So I am a believer in finding what works for you, so take whatever I say just as my own experience but go try on your own, but I was so happy about how I felt today, before and after, the stuff is expensive so i will only use it on race days and hard training days but long 30-50 mile rides days I won't need it since they are just cruising days.
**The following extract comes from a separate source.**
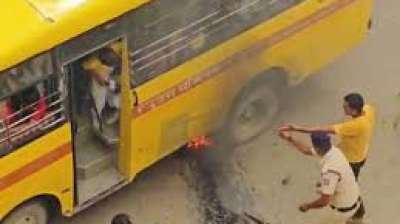 गोपालगंज में भारत बंद के दौरान स्कूल बस में आग लगाने की कोशिश

Am I convinced, well enough to keep taking it, the summer race days will really be my test, if it gets me through long races in the heat then I am all in...


----------



## TTUB (Nov 9, 2010)

I am a HotShot user... I swear by it. Yes, it's crazy expensive. 
I've been racing endurance MTB stuff and training fairly hard for it. I don't tend to cramp anymore than the average Joe. Having said that, usually by the 5th or 6th hour of racing, I will start to experience some degree of twinging and/or cramping. If my training is right and if I get my hydration and nutrition just right, I can usually keep cramps at-bay a bit longer. But, it's always nice to have a secret weapon in your pocket if you need it. Mustard packs, Pickle juice, HotShot, etc. 

I went to Leadville in 2016 hoping for the best. At the pre-Race expo, HotShot was handing out samples. I grabbed a bottle for the race. They were also handing out tasting cups... glad I tried it before race day. It isn't bad at all, just very strong and spicy. Kinda like doing a shot of Fireball. It has a hot, cinnamon taste like RedHots. Better to experience the shock factor before race day.

During the race my nutrition and hydration was spot-on. But still, by the 5th hour I was getting some twinges. Fortunately, HotShot was also available in the aid-stations. Every-time I felt twinges, I downed a HotShot. I think I downed 4 bottles between Columbine and the finish. Never did I develop a cramp. 

Anytime I do anything that smells of endurance, I carry HotShot and have now used it in multiple events. It has worked every-time. My wife has experienced the same results.


----------